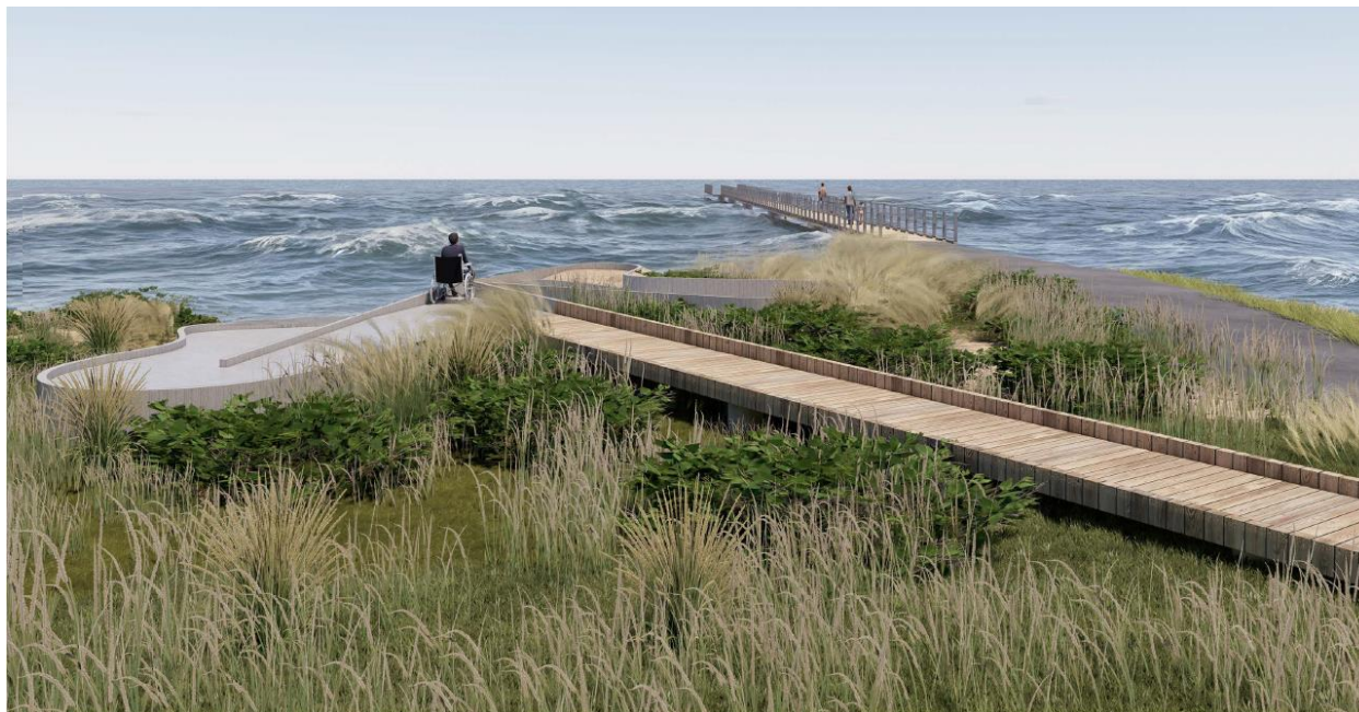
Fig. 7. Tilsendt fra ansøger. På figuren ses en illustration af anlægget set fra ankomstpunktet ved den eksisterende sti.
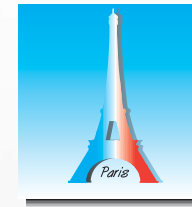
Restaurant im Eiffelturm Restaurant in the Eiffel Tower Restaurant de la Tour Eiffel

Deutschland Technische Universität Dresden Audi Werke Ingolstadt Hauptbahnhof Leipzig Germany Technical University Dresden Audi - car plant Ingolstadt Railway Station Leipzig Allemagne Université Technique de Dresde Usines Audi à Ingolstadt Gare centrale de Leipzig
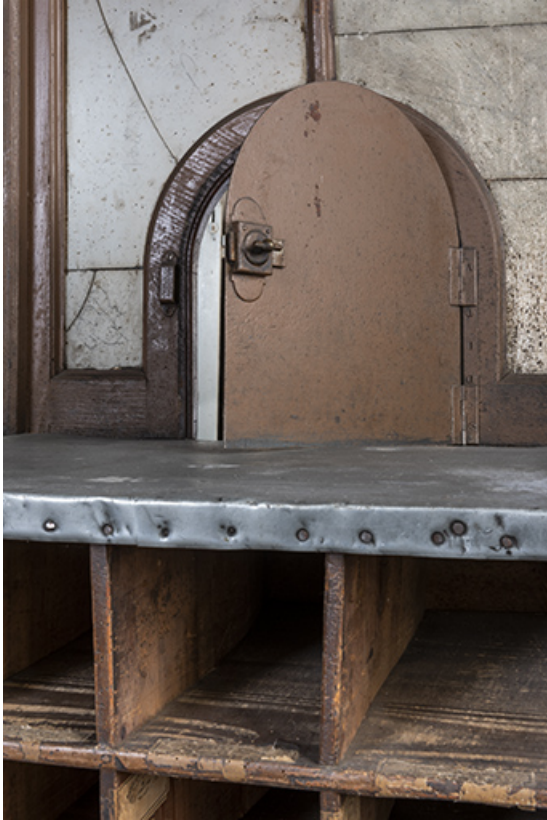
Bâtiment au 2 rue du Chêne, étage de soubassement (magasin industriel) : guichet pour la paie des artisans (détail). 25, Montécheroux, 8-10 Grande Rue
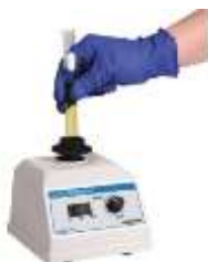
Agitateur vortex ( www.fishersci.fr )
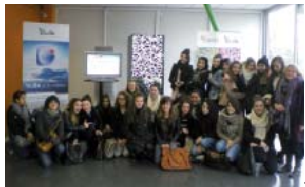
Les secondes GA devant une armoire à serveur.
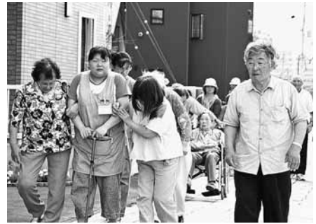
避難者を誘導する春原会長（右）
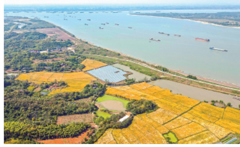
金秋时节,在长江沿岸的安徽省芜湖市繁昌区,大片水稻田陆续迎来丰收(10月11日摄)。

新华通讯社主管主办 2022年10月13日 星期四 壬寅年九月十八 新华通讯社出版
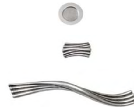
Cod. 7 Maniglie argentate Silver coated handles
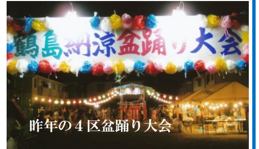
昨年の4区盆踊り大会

# INSTRUCTIONS FOR THE TASK
Could you reproduce the listing above word for word while leaving out its pictures?

# ANSWER AREA
Fig. 7. Tilsendt fra ansøger. På figuren ses en illustration af anlægget set fra ankomstpunktet ved den eksisterende sti.
Restaurant im Eiffelturm Restaurant in the Eiffel Tower Restaurant de la Tour Eiffel

Deutschland Technische Universität Dresden Audi Werke Ingolstadt Hauptbahnhof Leipzig Germany Technical University Dresden Audi - car plant Ingolstadt Railway Station Leipzig Allemagne Université Technique de Dresde Usines Audi à Ingolstadt Gare centrale de Leipzig
Bâtiment au 2 rue du Chêne, étage de soubassement (magasin industriel) : guichet pour la paie des artisans (détail). 25, Montécheroux, 8-10 Grande Rue
Agitateur vortex ( www.fishersci.fr )
Les secondes GA devant une armoire à serveur.
避難者を誘導する春原会長（右）
金秋时节,在长江沿岸的安徽省芜湖市繁昌区,大片水稻田陆续迎来丰收(10月11日摄)。

新华通讯社主管主办 2022年10月13日 星期四 壬寅年九月十八 新华通讯社出版
Cod. 7 Maniglie argentate Silver coated handles
昨年の4区盆踊り大会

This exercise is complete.